While at Intel, my claim to fame was in bipolar testing, and I was into my third year there, when I heard of UDT’s closing down. I wasn’t surprised. DeKalb Agricultural Research from Illinois bought over UDT and put it on the block for sale. I was 29 years old, an Indian, and with absolutely no chance of raising capital in the conservative decade of the early eighties, when venture capital was unheard of. My friends introduced me to a company in Santa Clara, ILC Technology, who were interested in buying out UDT. They bought out UDT, and sent me in to head it.

I fired my boss at UDT, moved the offices to Culver City, tightened belts, and started making money. In the fall of 1983, ILC went public, but in 1985, the space shuttle disaster occurred and ILC was in trouble.
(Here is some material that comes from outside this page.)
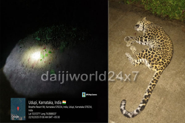 ಉಡುಪಿ : ಚಿರತೆಗೆ ಬೈಕ್ ಡಿಕ್ಕಿ - ಸವಾರ ಗಂಭೀರ, ಚಿರತೆ ಸಾವು

In the overhaul at the top, I was made the president and CEO. Two years later, I fell out with the board and I left. The biggest mistake ILC made was in not making me sign a non-competitive clause.

With an angel investor, who was also a major shareholder at ILC, I began Opto Sensors (subsequently renamed OSI), in May of 1987. In 1988, the PanAm disaster happened, and our company was put on the mark, as we were key suppliers of electronic components to AstroPhysics, a contractor for the aerospace industry. We suddenly found ourselves growing.